### Work task
Look in the listing below for the line that has "近日,由江苏省红十字会、省文", then return it and each following line up to and including the one with "The first step", exactly and without pictures.

### Data for analysis
****************
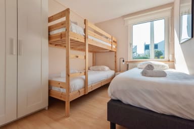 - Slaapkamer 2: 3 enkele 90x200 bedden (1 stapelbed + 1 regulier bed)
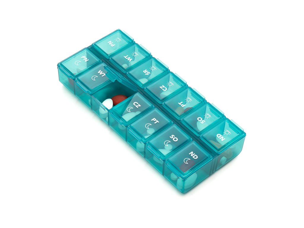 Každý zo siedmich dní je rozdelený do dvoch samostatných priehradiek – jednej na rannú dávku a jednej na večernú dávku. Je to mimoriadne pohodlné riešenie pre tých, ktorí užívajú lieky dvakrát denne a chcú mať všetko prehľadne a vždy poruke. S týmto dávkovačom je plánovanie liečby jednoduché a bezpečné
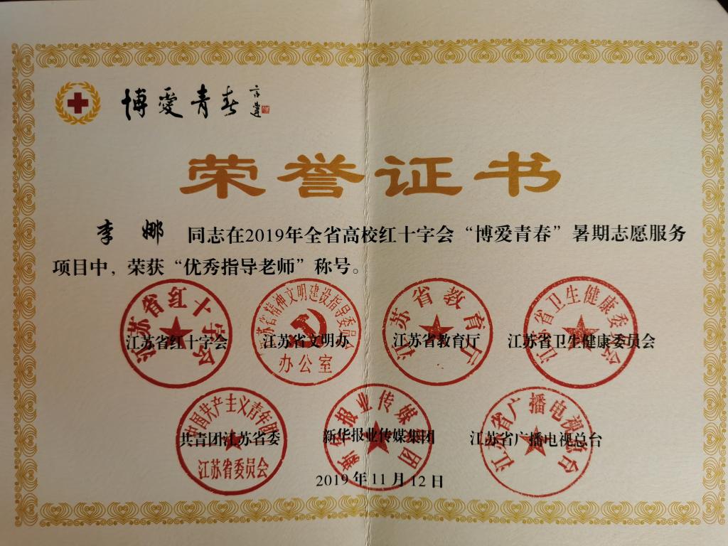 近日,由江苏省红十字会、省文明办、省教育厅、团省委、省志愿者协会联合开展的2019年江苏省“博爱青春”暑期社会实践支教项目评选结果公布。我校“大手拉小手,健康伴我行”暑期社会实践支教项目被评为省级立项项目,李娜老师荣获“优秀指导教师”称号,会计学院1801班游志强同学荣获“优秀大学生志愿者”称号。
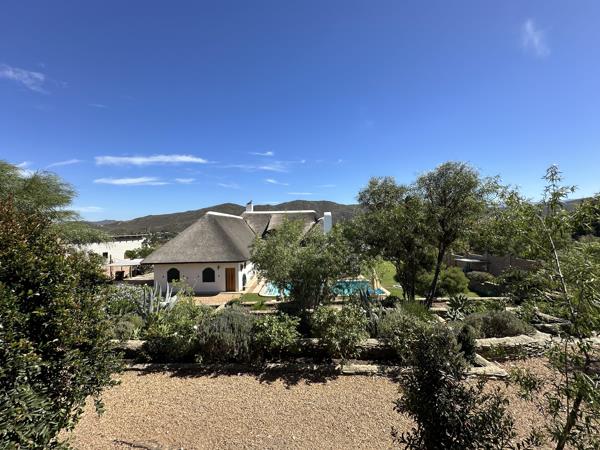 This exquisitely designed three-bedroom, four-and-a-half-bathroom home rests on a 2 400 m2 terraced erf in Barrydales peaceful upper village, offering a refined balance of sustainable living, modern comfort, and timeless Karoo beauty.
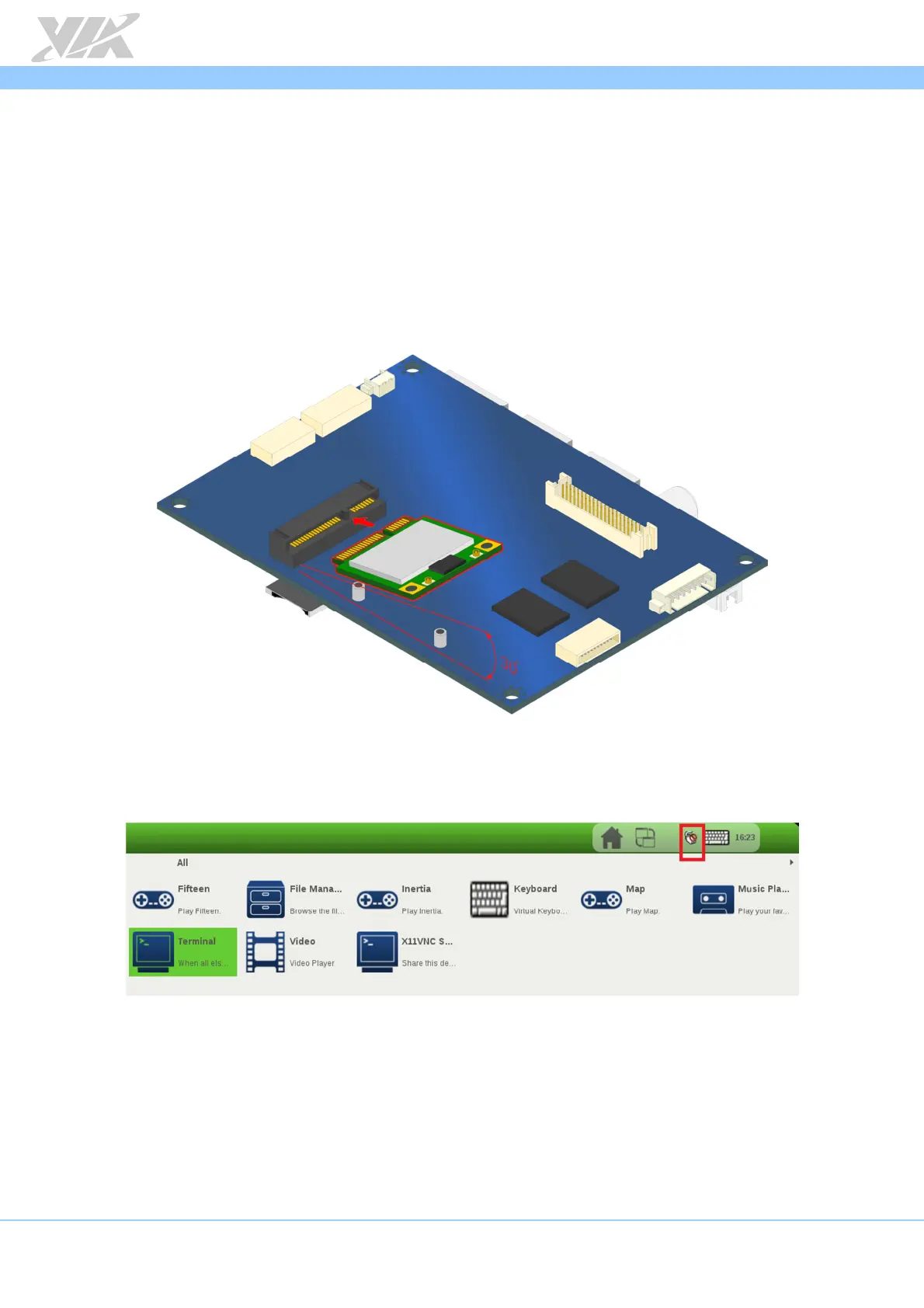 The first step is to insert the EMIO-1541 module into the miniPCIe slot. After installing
****************
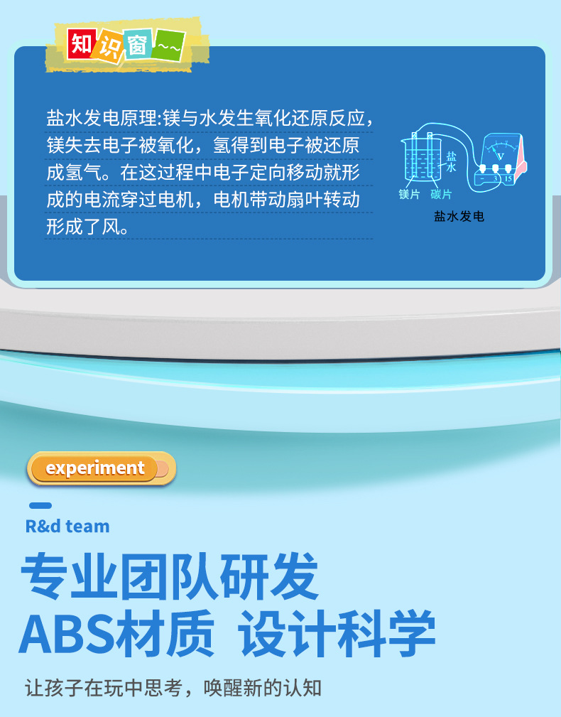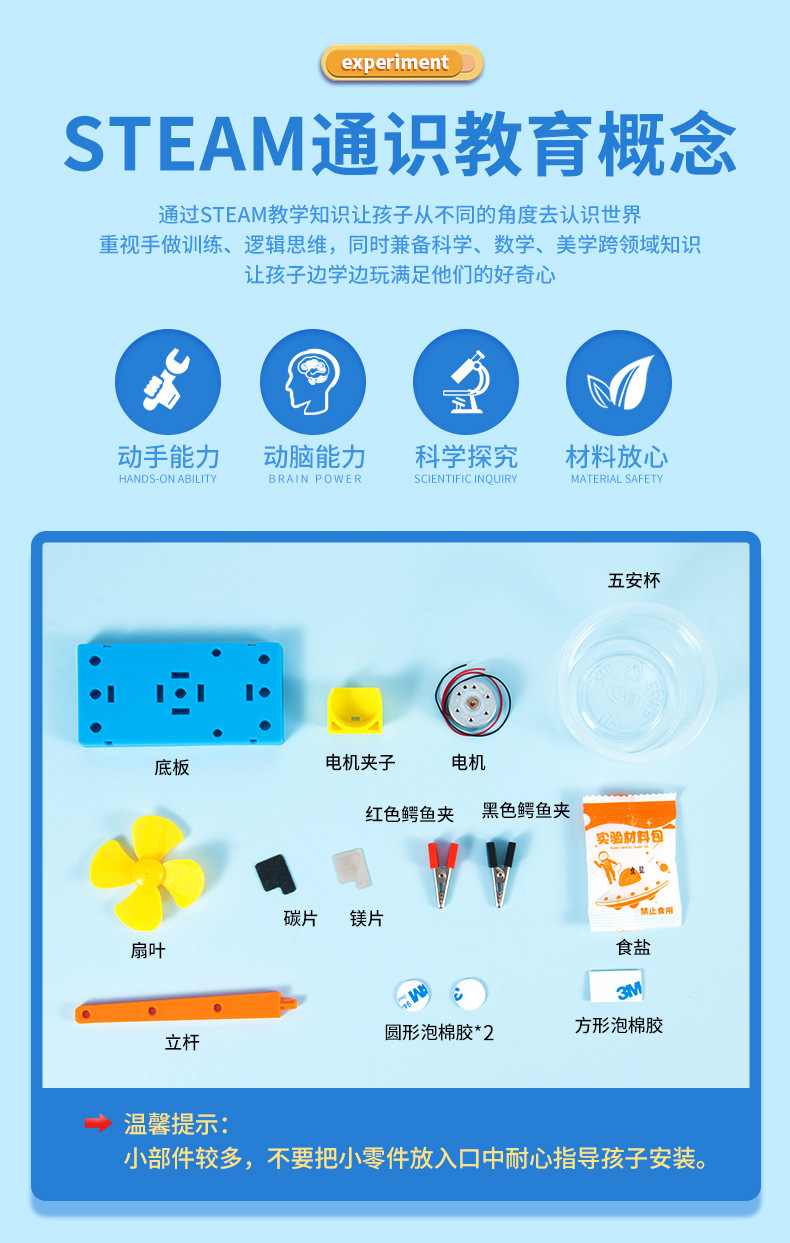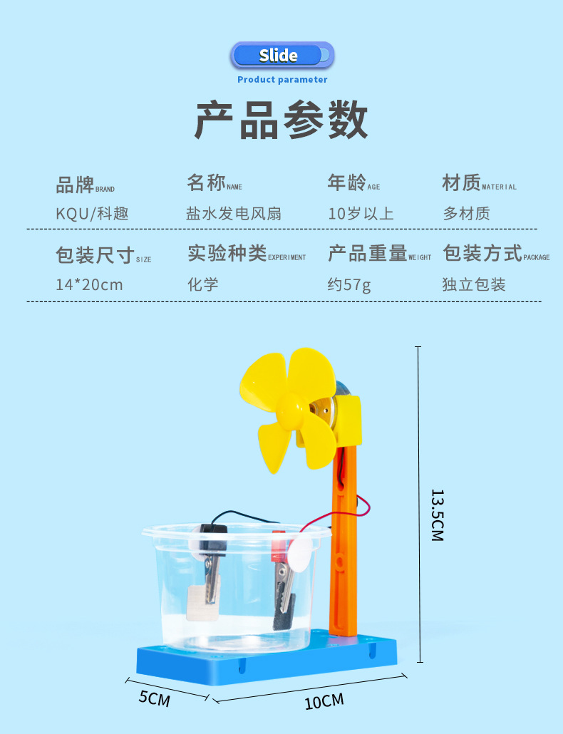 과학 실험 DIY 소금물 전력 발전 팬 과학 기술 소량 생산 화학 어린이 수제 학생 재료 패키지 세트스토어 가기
****************
### Your response
 近日,由江苏省红十字会、省文明办、省教育厅、团省委、省志愿者协会联合开展的2019年江苏省“博爱青春”暑期社会实践支教项目评选结果公布。我校“大手拉小手,健康伴我行”暑期社会实践支教项目被评为省级立项项目,李娜老师荣获“优秀指导教师”称号,会计学院1801班游志强同学荣获“优秀大学生志愿者”称号。
 This exquisitely designed three-bedroom, four-and-a-half-bathroom home rests on a 2 400 m2 terraced erf in Barrydales peaceful upper village, offering a refined balance of sustainable living, modern comfort, and timeless Karoo beauty.
 The first step is to insert the EMIO-1541 module into the miniPCIe slot. After installing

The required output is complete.